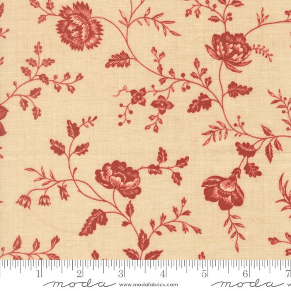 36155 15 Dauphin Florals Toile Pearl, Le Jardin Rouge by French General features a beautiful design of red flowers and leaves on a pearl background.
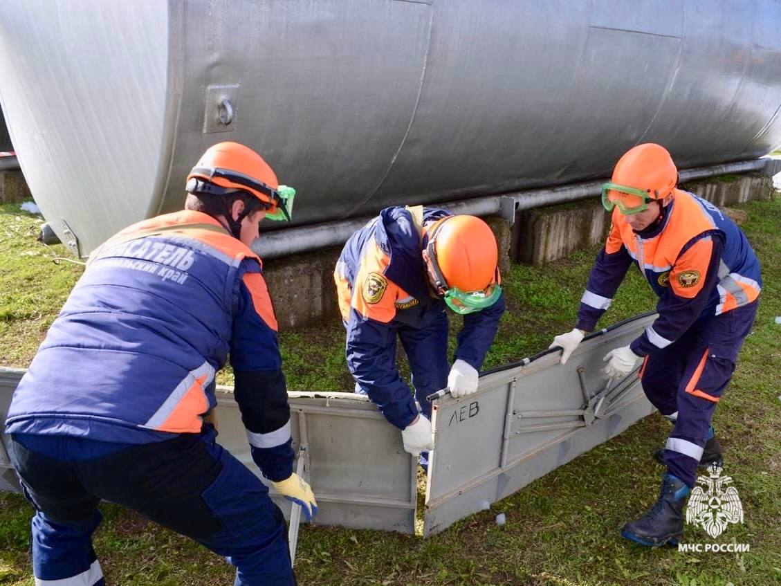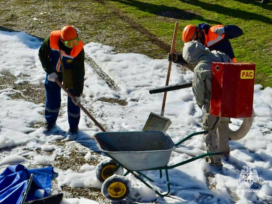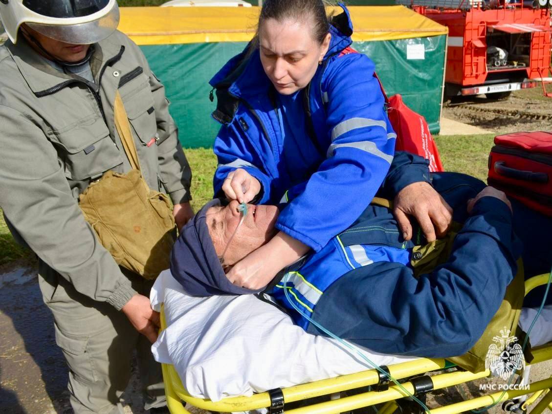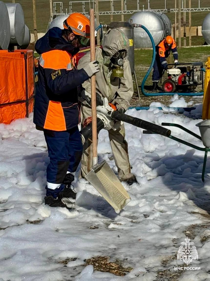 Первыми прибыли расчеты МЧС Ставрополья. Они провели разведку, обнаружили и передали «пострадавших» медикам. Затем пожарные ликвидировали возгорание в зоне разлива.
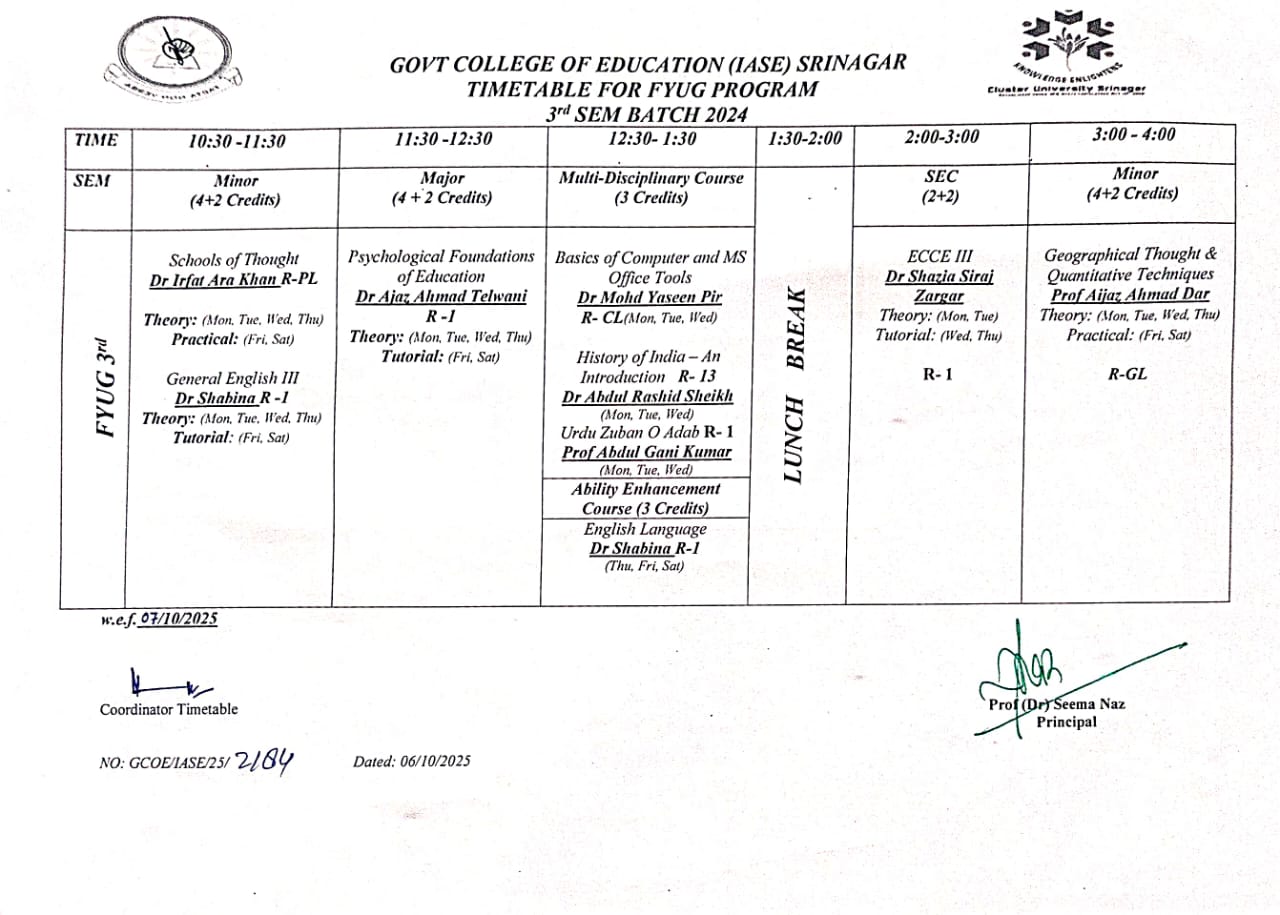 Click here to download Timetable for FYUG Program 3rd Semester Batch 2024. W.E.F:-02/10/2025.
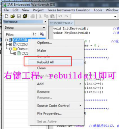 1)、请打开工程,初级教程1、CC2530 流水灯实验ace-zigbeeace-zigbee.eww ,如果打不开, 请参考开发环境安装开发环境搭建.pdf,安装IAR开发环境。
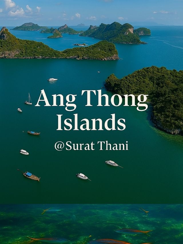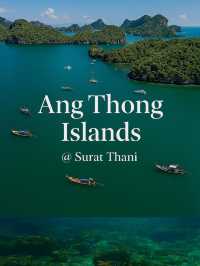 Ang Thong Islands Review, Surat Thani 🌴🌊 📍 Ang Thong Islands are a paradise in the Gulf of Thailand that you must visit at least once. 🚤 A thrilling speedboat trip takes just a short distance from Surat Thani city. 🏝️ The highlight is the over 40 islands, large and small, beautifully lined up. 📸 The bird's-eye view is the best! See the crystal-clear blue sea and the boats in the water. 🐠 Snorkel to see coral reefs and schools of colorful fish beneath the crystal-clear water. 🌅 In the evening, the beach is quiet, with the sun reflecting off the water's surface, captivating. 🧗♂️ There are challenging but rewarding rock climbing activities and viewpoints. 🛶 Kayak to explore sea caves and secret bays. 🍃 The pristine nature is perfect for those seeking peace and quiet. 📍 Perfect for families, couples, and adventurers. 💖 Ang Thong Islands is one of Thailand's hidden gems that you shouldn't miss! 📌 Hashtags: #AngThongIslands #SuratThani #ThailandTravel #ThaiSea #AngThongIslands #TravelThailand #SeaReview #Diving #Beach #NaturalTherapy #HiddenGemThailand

_ _ _ _ _

Task requirements:
Once more, please print the whole listing exactly, omitting each image.

Response to this task:
 36155 15 Dauphin Florals Toile Pearl, Le Jardin Rouge by French General features a beautiful design of red flowers and leaves on a pearl background.
 Первыми прибыли расчеты МЧС Ставрополья. Они провели разведку, обнаружили и передали «пострадавших» медикам. Затем пожарные ликвидировали возгорание в зоне разлива.
 Click here to download Timetable for FYUG Program 3rd Semester Batch 2024. W.E.F:-02/10/2025.
 1)、请打开工程,初级教程1、CC2530 流水灯实验ace-zigbeeace-zigbee.eww ,如果打不开, 请参考开发环境安装开发环境搭建.pdf,安装IAR开发环境。
 Ang Thong Islands Review, Surat Thani 🌴🌊 📍 Ang Thong Islands are a paradise in the Gulf of Thailand that you must visit at least once. 🚤 A thrilling speedboat trip takes just a short distance from Surat Thani city. 🏝️ The highlight is the over 40 islands, large and small, beautifully lined up. 📸 The bird's-eye view is the best! See the crystal-clear blue sea and the boats in the water. 🐠 Snorkel to see coral reefs and schools of colorful fish beneath the crystal-clear water. 🌅 In the evening, the beach is quiet, with the sun reflecting off the water's surface, captivating. 🧗♂️ There are challenging but rewarding rock climbing activities and viewpoints. 🛶 Kayak to explore sea caves and secret bays. 🍃 The pristine nature is perfect for those seeking peace and quiet. 📍 Perfect for families, couples, and adventurers. 💖 Ang Thong Islands is one of Thailand's hidden gems that you shouldn't miss! 📌 Hashtags: #AngThongIslands #SuratThani #ThailandTravel #ThaiSea #AngThongIslands #TravelThailand #SeaReview #Diving #Beach #NaturalTherapy #HiddenGemThailand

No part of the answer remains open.